» **Task instructions**
For the data below, give again exactly the lines from the one containing "短袖t恤男士白色夏季新款圆领修身潮流体恤个性帅气衣服活动体恤" through the one containing "Un, kahverengi şeker, kıyılmış", both ends included, and no others.

» **Information supplied**
_ _ _ _ _
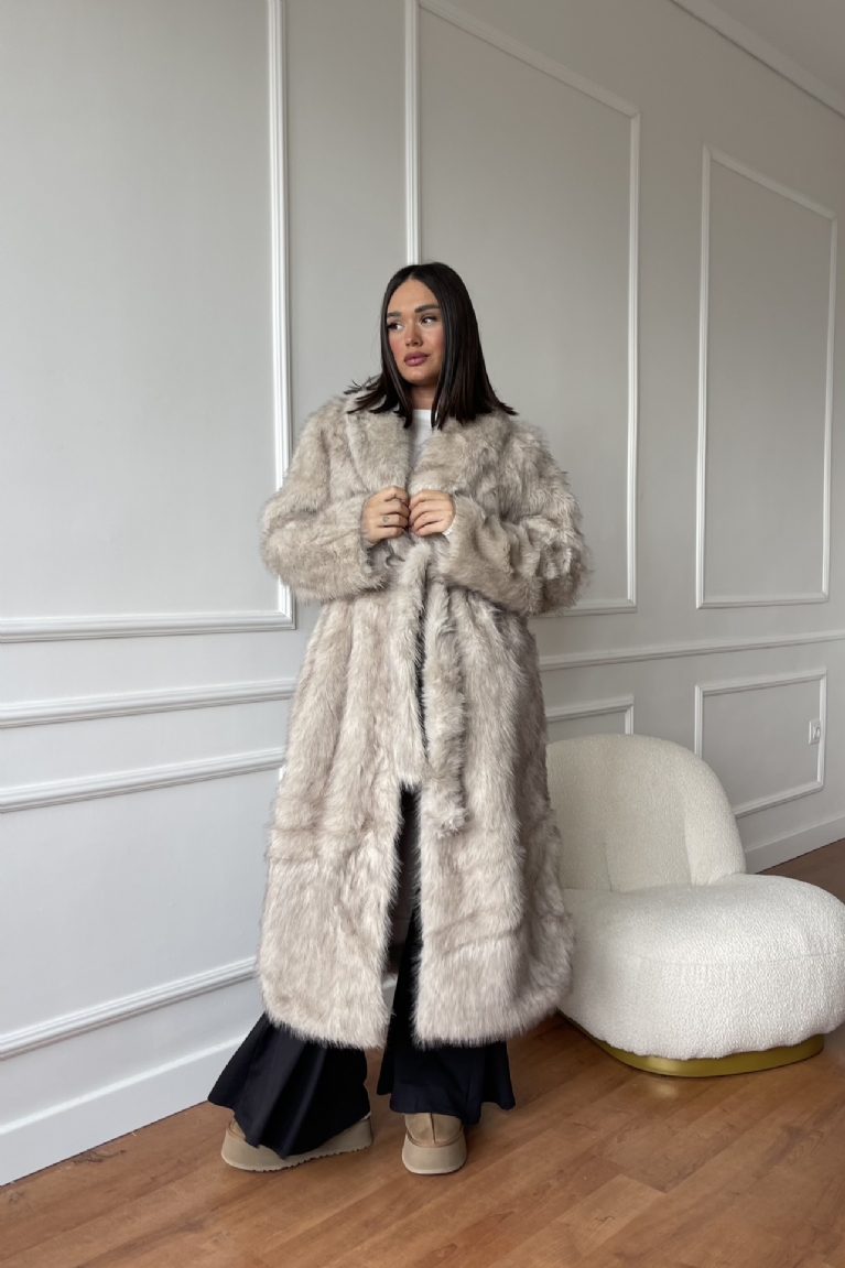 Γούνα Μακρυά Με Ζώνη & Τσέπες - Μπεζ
_ _ _ _ _
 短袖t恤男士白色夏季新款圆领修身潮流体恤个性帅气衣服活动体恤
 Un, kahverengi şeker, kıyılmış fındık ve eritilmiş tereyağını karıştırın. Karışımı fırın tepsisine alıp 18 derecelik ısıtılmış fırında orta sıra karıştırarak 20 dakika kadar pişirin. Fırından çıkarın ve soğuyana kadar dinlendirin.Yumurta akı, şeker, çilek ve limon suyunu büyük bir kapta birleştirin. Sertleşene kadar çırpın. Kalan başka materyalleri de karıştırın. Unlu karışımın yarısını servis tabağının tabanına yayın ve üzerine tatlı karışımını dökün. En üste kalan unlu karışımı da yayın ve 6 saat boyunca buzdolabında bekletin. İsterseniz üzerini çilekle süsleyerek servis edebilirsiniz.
_ _ _ _ _
» **Result for this exercise**
 短袖t恤男士白色夏季新款圆领修身潮流体恤个性帅气衣服活动体恤
 Un, kahverengi şeker, kıyılmış fındık ve eritilmiş tereyağını karıştırın. Karışımı fırın tepsisine alıp 18 derecelik ısıtılmış fırında orta sıra karıştırarak 20 dakika kadar pişirin. Fırından çıkarın ve soğuyana kadar dinlendirin.Yumurta akı, şeker, çilek ve limon suyunu büyük bir kapta birleştirin. Sertleşene kadar çırpın. Kalan başka materyalleri de karıştırın. Unlu karışımın yarısını servis tabağının tabanına yayın ve üzerine tatlı karışımını dökün. En üste kalan unlu karışımı da yayın ve 6 saat boyunca buzdolabında bekletin. İsterseniz üzerini çilekle süsleyerek servis edebilirsiniz.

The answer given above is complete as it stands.